An express train takes 1 hour less than a passenger train to travel 132 km between Mysore and Bangalore (without taking into consideration the time they stop at intermediate stations). If the average speed of the express train is 11 km/h more than that of the passenger train, find the average speed of the two trains.
Solution:
Let the average speed of the passenger train be x km/h.
Then, the average speed of the express train is (x + 11) km/h.
∴ Time taken by passenger train to cover 132 km = \(\frac{132}{x}\) hours.
∴ Time taken by express train to cover 132 km = \(\frac{132}{x+11}\) hours.
Time taken by express train = Time taken by passenger train – 1
\(\frac{132}{x+11}=\frac{132}{x}-1\)
∴ 132x = 132(x + 11) – x(x + 11) (Multiplying by x(x + 11))
∴ 132x = 132x + 1452 – x² – 11x
∴ x² + 11x – 1452 = 0
Here, a = 1, b = 11 and c = -1452.
∴ b² – 4ac = (11)² – 4(1)(-1452)
= 121 + 5808 = 5929
Now, x = \(\frac{-b \pm \sqrt{b^2-4 a c}}{2 a}\)
∴ x = \(\frac{-11 \pm \sqrt{5929}}{2(1)}\)
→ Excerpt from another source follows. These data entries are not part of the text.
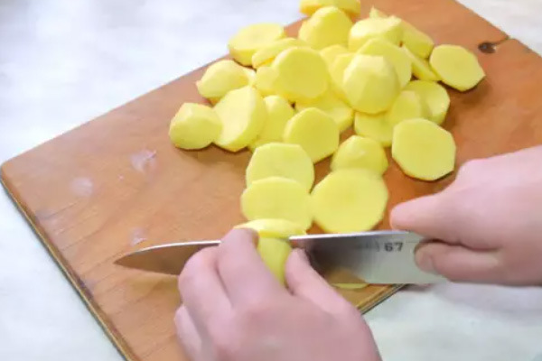 - Leg vervolgens de gesneden aardappelen neer.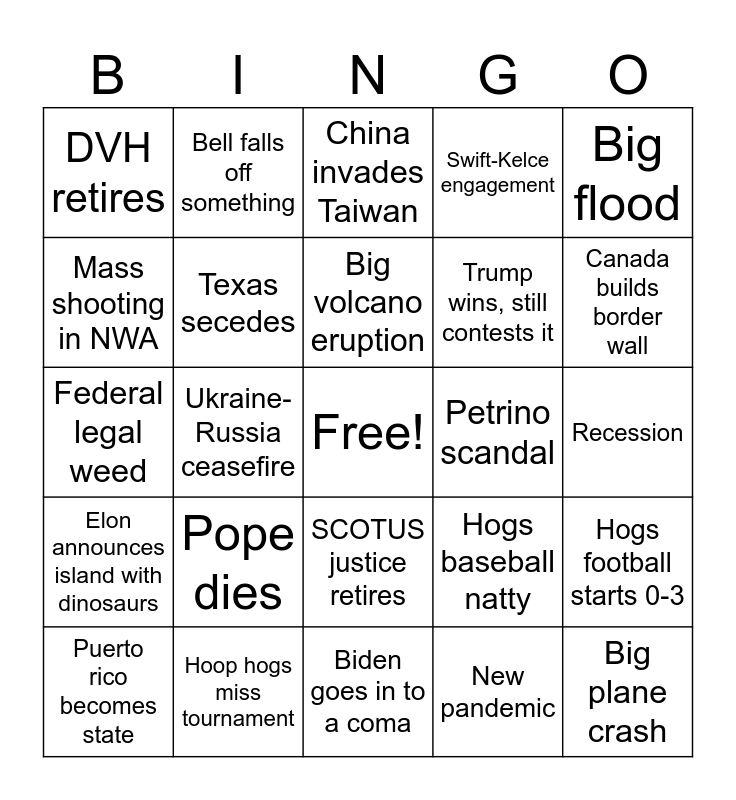 This bingo card has a free space and 24 words: Pope dies, Hoop hogs miss tournament, Big volcano eruption, Puerto rico becomes state, Big flood, DVH retires, Mass shooting in NWA, Bell falls off something, Petrino scandal, SCOTUS justice retires, Trump wins, still contests it, Federal legal weed, Hogs baseball natty, Hogs football starts 0-3, Texas secedes, New pandemic, Recession, China invades Taiwan, Canada builds border wall, Ukraine-Russia ceasefire, Big plane crash, Elon announces island with dinosaurs, Swift-Kelce engagement and Biden goes in to a coma.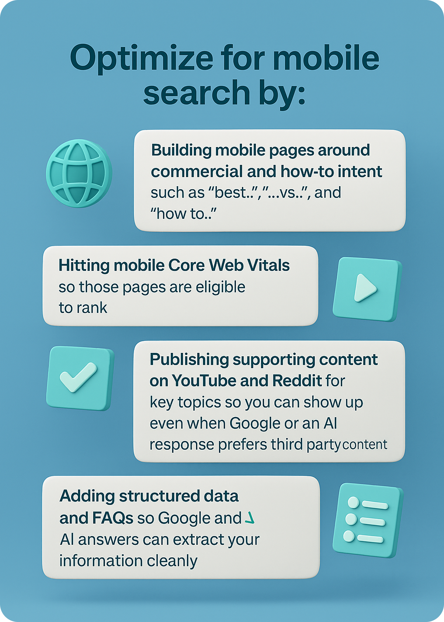 Google still crawls and ranks the mobile version first, so your mobile site has to load quickly, render cleanly, and answer intent directly. This is more than making it responsive. It is making sure product pages show the essentials above the fold, Core Web Vitals are in range on mobile, and commercial pages match the queries people actually type on phones.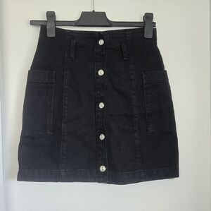 The perfect denim mini skirt with functional pockets, belt loops and silver button detail

∴ x = \(\frac{-11 \pm 77}{2}\)
x = 33 or x = -44
x = -44 is inadmissible as x represents the speed of the passenger train.
∴ x = 33 and x + 11 = 44
Thus, the speed of the passenger train is 33 km/h and the speed of the express train is 44 km/h.

Question 11.
Sum of the areas of two squares is 468 m². If the difference of their perimeters is 24 m, find the sides of the two squares.
Solution:
Let the side of the smaller square be x m.
Then, the perimeter of the smaller square = 4x m
and the area of the smaller square = x² m².
From the given, the perimeter of the bigger square = (4x + 24) m.
∴ Side of the bigger square = \(\frac{4 x+24}{4}\) = (x + 6) m and hence, the area of the bigger square = (x + 6)² m².
∴ x² + (x + 6)² = 468
∴ x² + x² + 12x + 36 – 468 = 0
∴ 2x² + 12x – 432 = 0
∴ x² + 6x – 216 = 0
∴ x² + 18x – 12x – 216 = 0
∴ x(x + 18) – 12(x + 18) = 0
∴ (x + 18) (x – 12) = 0
∴ x + 18 = 0 or x – 12 = 0
∴ x = -18 or x = 12
Here, x = -18 is not possible as x represents the side of a square.
∴ x = 12 and x + 6 = 18
Thus, the side of the smaller square is 12 m and the side of the bigger square is 18 m.